=== Material for this exercise ===
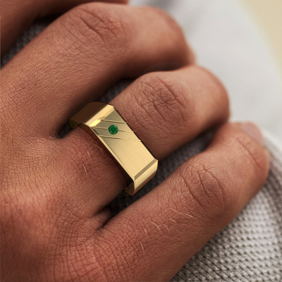 Dress to impress with this rectangular Dree 5 men's ring, because with the right ring you make a strong personal statement. This Dree 5 flat men's ring is shown in 14 Carat gold. If this doesn't suit your style, feel free to customize the precious metal to your liking. After all, you want a men's ring that matches your style. A ring that truly suits you. One saying: This is who I am!As soon as you finished designing your Dree 5 men's ring with our online tool, our goldsmiths will start their creative process of making your ring. This will be done with passion and care, according ancient crafting. On top of that, our jewels are made of eco-friendly materials. Simply customize online with our online tool, if you want any changes made. If you want specific changes made to your Dree 5 men's ring, that are unavailable in our online tool, please feel free to contact our expert designers.Our team of talented, passionate designers add new ring designs to our online collection daily. Our objective in doing so, is to be able to offer you a wide variety of jewels. Please feel free to request a quote if you have specific wishes for your ring. We guarantee to make you an offer you can't refuse.Are you on a budget? Please feel free to contact us, so we can go discuss your options. We offer our rings at guaranteed best price, because we make them to order. You won't find such a price anywhere else!To make it easier for you, we offer a 30 day return policy. Check our terms and conditions.
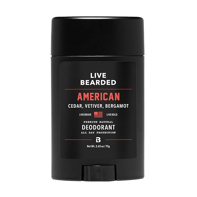 Live Bearded Men's Deodorant - Long Lasting, Aluminum Free, All Natural, Activated Charcoal Deodorant for Men, Travel Size - American, 1 Stick
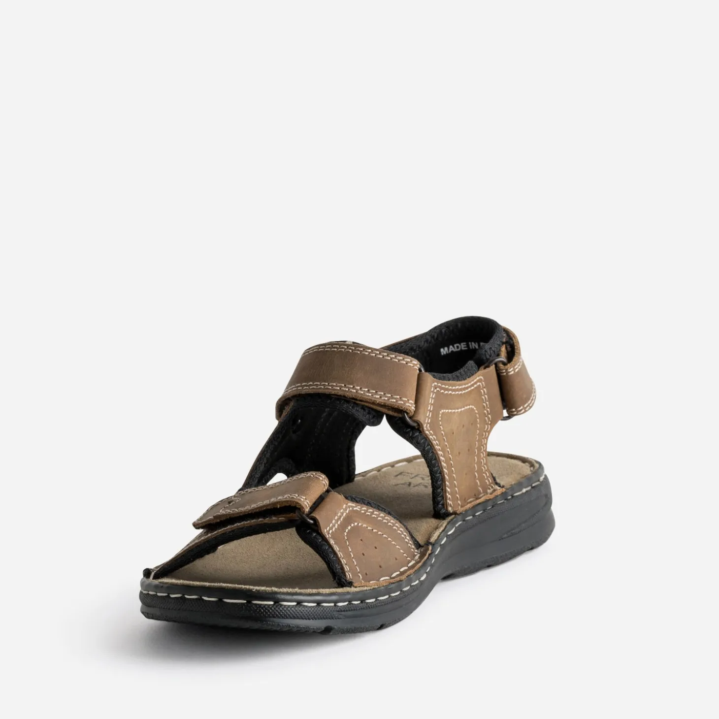 La sandale pour homme mise, elle aussi, sur un design étudié pour être confortable. Par une semelle première veloutée. Par des brides en cuir, doublé d’une matière nylon. Elle s’ajuste au pied par un système de scratchs. Un modèle facile à enfiler, avec une tenue décontractée.
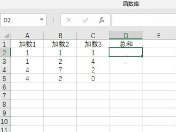 2、点击公式,找到SUM函数,然后鼠标拖动选中需要求和的那一行或一列数据,点击确定即可。
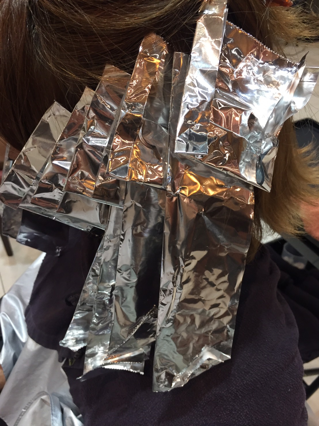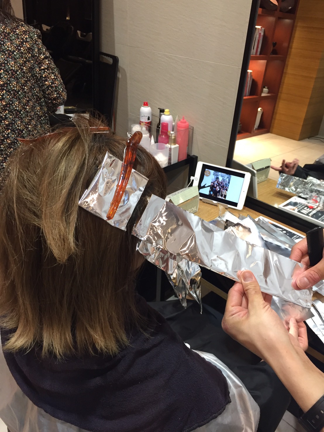 そのあと、入れたハイライトの間に、バレイヤージュでハイライトを入れます。
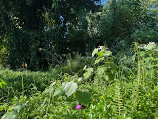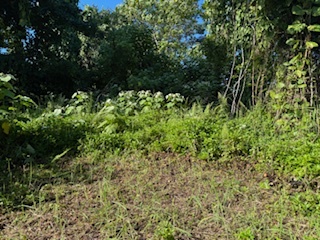 This 15,077 square foot lot has a small trail leading to a cleared grassy area towards the center of the lot.
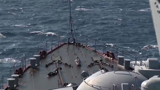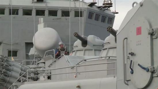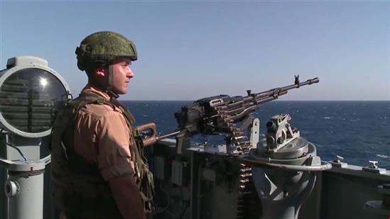 Quân nhân Nga trực chiến cảnh giới trên tuần dương hạm tên lửa Cận vệ “Matxcơva” ngoài khơi bờ biển Latakia
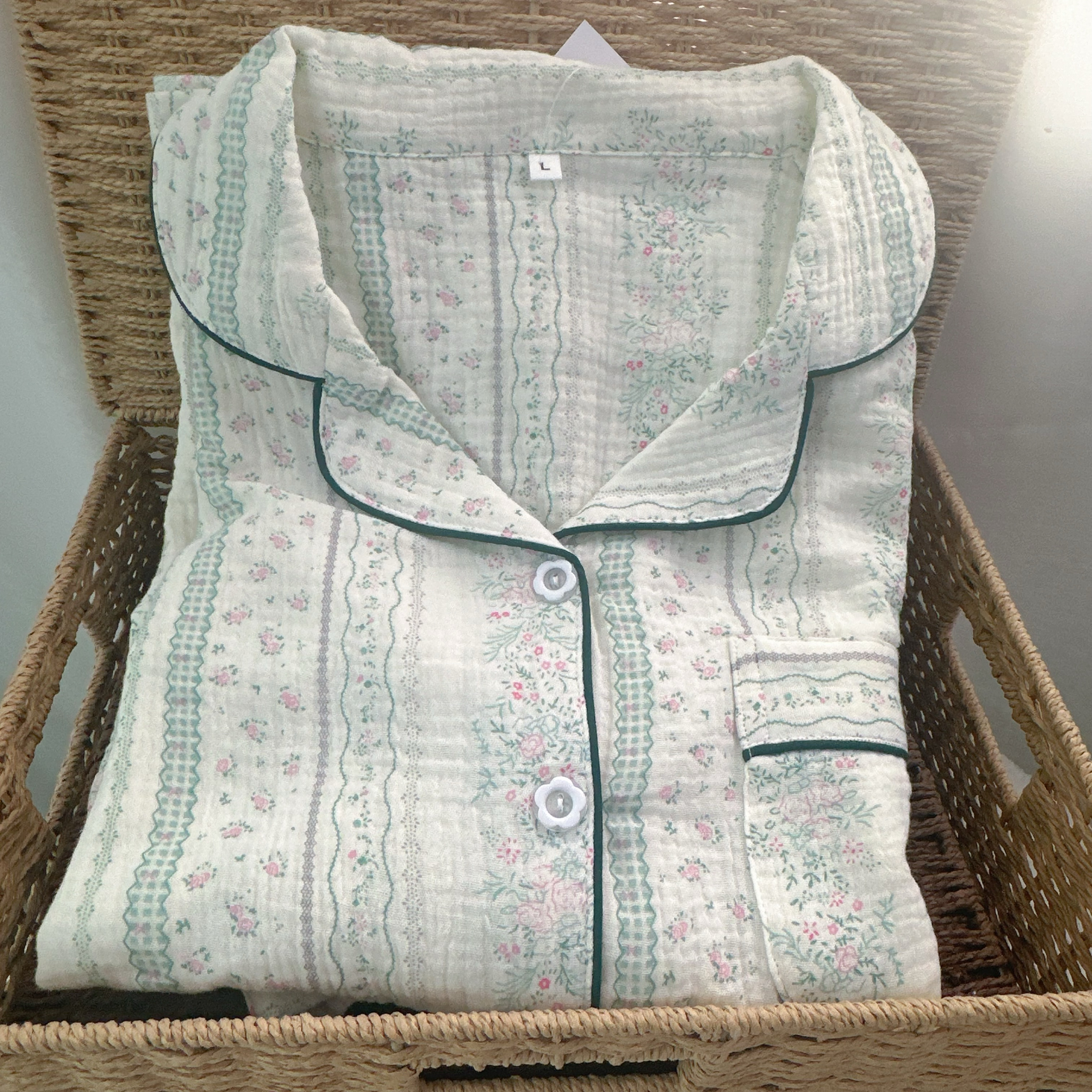女士内衣/男士内衣/家居服 清新女款纯棉绉布双层纱布长袖长裤睡衣套装
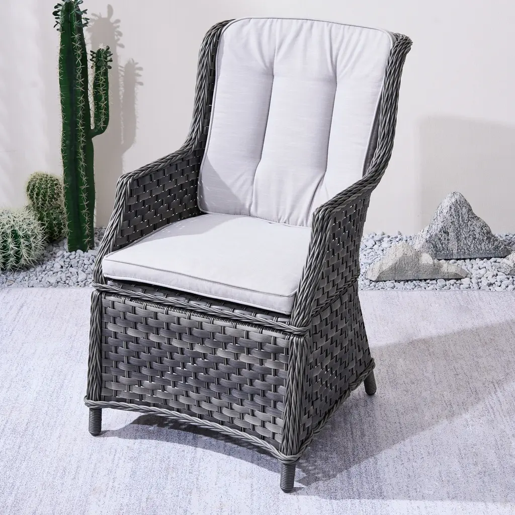 Set Of 2 Outdoor Aluminum Wicker Dining Chair With Cushions - Grey
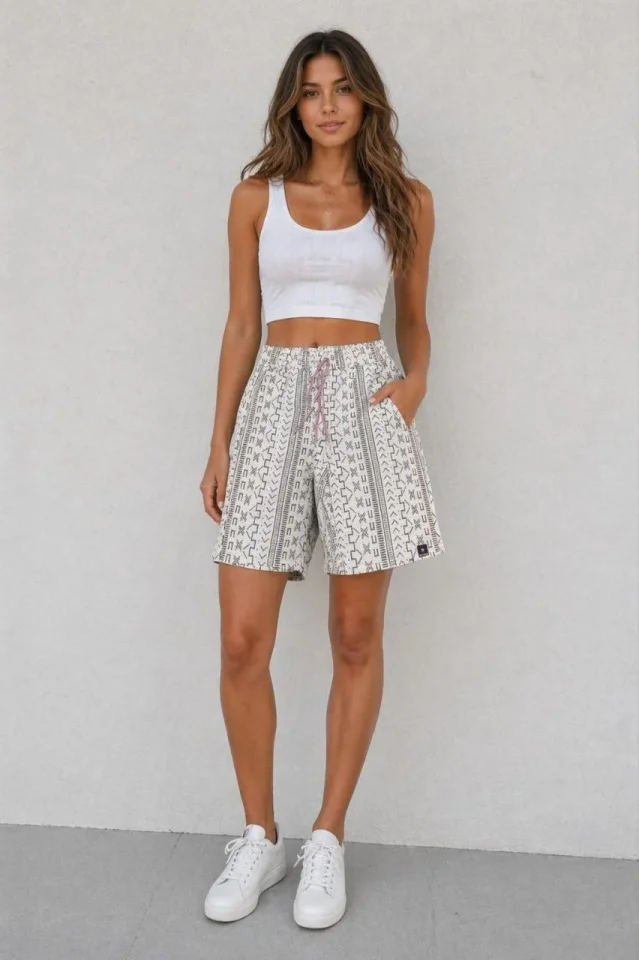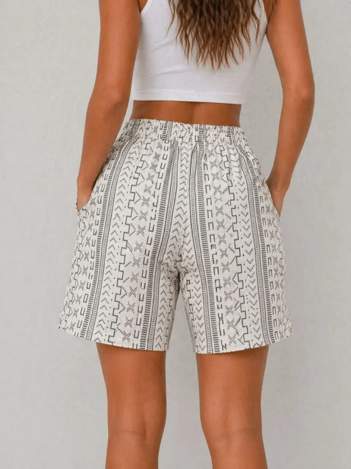 Dokuma Şort Etnik Desenli Lastikli Bağcıklı Bel Cepli Yazlık Rahat – Bej
===
Exercise description:
All lines from the line with "This 15,077 square" through the final line of the data, both included, are to be repeated exactly; no other lines and no pictures.

Solution to the exercise:
 This 15,077 square foot lot has a small trail leading to a cleared grassy area towards the center of the lot.
 Quân nhân Nga trực chiến cảnh giới trên tuần dương hạm tên lửa Cận vệ “Matxcơva” ngoài khơi bờ biển Latakia
女士内衣/男士内衣/家居服 清新女款纯棉绉布双层纱布长袖长裤睡衣套装
 Set Of 2 Outdoor Aluminum Wicker Dining Chair With Cushions - Grey
 Dokuma Şort Etnik Desenli Lastikli Bağcıklı Bel Cepli Yazlık Rahat – Bej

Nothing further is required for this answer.